No public code repositories or pre-trained models are associated with this paper, as it is a benchmarking infrastructure paper. The evaluation protocols and data formats are fully described in the paper.
| Artifact | Type | License | Notes |
|---|---|---|---|
| CLEF-IP 2012 data | Dataset | Unknown | Distributed to registered CLEF participants; no persistent public archive |
| MAREC corpus | Dataset | Unknown | Source patent corpus (EPO/WIPO documents up to 2002) |
- Status: Partially Reproducible
- Missing components: The benchmark datasets were distributed to participants and are not hosted on a persistent public repository.
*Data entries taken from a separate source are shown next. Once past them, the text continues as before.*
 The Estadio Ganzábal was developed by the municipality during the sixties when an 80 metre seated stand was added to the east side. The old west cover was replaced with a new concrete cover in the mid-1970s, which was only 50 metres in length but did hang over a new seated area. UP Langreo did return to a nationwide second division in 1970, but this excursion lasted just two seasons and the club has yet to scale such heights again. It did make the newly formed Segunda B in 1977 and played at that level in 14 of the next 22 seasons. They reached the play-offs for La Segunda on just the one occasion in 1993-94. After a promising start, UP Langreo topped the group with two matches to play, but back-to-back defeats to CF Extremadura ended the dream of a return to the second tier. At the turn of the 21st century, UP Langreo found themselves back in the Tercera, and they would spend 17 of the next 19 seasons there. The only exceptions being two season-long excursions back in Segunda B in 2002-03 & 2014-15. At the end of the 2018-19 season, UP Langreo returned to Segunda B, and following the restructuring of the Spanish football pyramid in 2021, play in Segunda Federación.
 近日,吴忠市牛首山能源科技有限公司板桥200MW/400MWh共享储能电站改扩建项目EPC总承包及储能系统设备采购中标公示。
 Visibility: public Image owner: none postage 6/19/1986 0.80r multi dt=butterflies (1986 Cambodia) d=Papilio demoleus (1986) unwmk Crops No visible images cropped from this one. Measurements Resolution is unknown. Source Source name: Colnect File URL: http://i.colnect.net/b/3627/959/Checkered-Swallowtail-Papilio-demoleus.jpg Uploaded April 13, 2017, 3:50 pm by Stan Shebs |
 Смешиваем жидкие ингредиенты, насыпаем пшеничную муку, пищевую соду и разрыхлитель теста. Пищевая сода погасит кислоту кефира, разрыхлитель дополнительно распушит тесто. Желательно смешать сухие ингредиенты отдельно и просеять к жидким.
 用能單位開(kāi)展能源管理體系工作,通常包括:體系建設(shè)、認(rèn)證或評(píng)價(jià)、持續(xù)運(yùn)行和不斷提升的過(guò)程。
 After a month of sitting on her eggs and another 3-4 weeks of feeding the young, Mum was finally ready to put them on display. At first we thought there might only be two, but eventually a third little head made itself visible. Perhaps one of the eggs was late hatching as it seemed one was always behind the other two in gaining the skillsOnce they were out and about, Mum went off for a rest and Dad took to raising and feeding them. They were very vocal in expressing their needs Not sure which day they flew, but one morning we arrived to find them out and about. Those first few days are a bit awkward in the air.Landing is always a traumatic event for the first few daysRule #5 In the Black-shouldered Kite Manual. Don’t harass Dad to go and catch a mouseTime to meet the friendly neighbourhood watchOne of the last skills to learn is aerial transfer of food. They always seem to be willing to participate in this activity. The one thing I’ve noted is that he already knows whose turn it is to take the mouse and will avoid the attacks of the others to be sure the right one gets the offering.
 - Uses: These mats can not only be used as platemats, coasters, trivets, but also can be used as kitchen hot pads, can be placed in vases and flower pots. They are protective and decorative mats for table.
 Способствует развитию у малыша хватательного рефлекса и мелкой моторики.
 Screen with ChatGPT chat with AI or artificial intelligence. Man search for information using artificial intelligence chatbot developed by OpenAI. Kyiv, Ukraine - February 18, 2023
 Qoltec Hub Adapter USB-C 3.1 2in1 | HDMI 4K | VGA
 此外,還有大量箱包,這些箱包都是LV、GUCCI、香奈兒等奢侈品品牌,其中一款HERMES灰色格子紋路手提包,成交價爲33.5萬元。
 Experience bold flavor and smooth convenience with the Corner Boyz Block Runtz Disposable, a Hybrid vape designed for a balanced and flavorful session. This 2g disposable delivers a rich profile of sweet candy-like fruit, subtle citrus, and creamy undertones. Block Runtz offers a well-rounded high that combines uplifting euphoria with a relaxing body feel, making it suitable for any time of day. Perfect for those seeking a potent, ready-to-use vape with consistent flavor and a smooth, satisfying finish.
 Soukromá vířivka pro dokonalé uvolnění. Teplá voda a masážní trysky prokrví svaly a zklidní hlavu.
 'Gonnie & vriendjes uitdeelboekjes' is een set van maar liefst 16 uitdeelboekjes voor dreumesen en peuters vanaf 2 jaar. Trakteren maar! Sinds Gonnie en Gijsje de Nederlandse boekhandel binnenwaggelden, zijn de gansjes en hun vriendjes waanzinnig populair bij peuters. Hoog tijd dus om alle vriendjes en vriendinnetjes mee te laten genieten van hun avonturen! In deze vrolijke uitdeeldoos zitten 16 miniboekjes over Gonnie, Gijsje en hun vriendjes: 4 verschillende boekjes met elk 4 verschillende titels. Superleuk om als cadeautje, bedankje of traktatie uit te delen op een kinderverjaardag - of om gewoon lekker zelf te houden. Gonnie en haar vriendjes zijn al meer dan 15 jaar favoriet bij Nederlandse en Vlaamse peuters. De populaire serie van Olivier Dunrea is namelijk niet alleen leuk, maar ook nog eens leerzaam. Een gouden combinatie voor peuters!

The in-house evaluation tools (qrels generator, segmentation comparator, flowchart distance calculator) are not publicly released.
Citation
@inproceedings{piroi2012clefip,
title={CLEF-IP 2012: Retrieval Experiments in the Intellectual Property Domain},
author={Piroi, Florina and Lupu, Mihai and Hanbury, Allan and Magdy, Walid and Sexton, Alan P. and Filippov, Igor},
booktitle={CLEF 2012 Working Notes},
series={CEUR Workshop Proceedings},
volume={1178},
year={2012},
publisher={CEUR-WS.org},
url={https://ceur-ws.org/Vol-1178/CLEF2012wn-CLEFIP-PiroiEt2012.pdf}
}